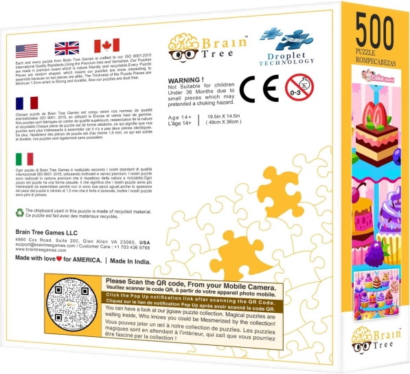 Puslespillet I Konditoriet fra Brain Tree giver en unik oplevelse takket være de tilfældigt udskårne brikker, der tilfører lægningen et strejf af eventyr. Hver brik er original, hvilket garanterer underholdning hver gang. Den matte finish giver flot visning selv ved skiftende lysforhold.
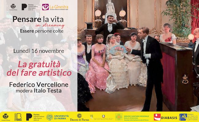 PARMA – Oggi, 16 novembre 2020,alle ore 18.00 si terrà un nuovo incontro di “Pensare la vita”. Il relatore sarà Federico Vercellone che si occuperà de “La gratuità del fare artistico” nell’appuntamento, moderato da Italo Testa, trasmesso su youtube, www.youtube.com/c/PensareLaVita, e facebook, www.facebook.com/PensareLaVita.
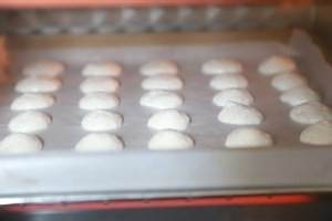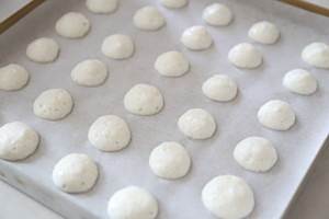 准备一个烤盘,铺上油纸,然后将蛋白均匀的挤在油纸上面,两两间稍微留一些距离,防止烤制时粘连到一起。
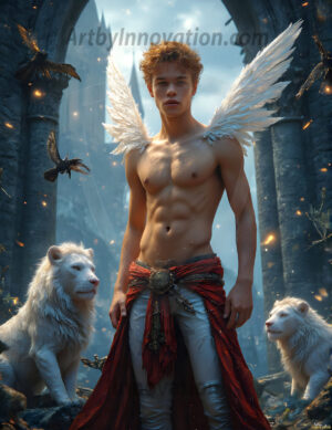 Standing before you is a prince and his dragon. This AI-generated collection features handsome, shirtless young princes with muscular physiques alongside their magnificent dragons — from the obsidian-scaled Bahamut with silver wings, to golden dragons sleeping in ancient caves. Each image blends the beauty of the male form with the raw majesty of dragonkind, set…

Brief →
Repeat the whole listing above word for word, but keep any picture out of it.

Solution for this exercise →
 Puslespillet I Konditoriet fra Brain Tree giver en unik oplevelse takket være de tilfældigt udskårne brikker, der tilfører lægningen et strejf af eventyr. Hver brik er original, hvilket garanterer underholdning hver gang. Den matte finish giver flot visning selv ved skiftende lysforhold.
 PARMA – Oggi, 16 novembre 2020,alle ore 18.00 si terrà un nuovo incontro di “Pensare la vita”. Il relatore sarà Federico Vercellone che si occuperà de “La gratuità del fare artistico” nell’appuntamento, moderato da Italo Testa, trasmesso su youtube, www.youtube.com/c/PensareLaVita, e facebook, www.facebook.com/PensareLaVita.
 准备一个烤盘,铺上油纸,然后将蛋白均匀的挤在油纸上面,两两间稍微留一些距离,防止烤制时粘连到一起。
 Standing before you is a prince and his dragon. This AI-generated collection features handsome, shirtless young princes with muscular physiques alongside their magnificent dragons — from the obsidian-scaled Bahamut with silver wings, to golden dragons sleeping in ancient caves. Each image blends the beauty of the male form with the raw majesty of dragonkind, set…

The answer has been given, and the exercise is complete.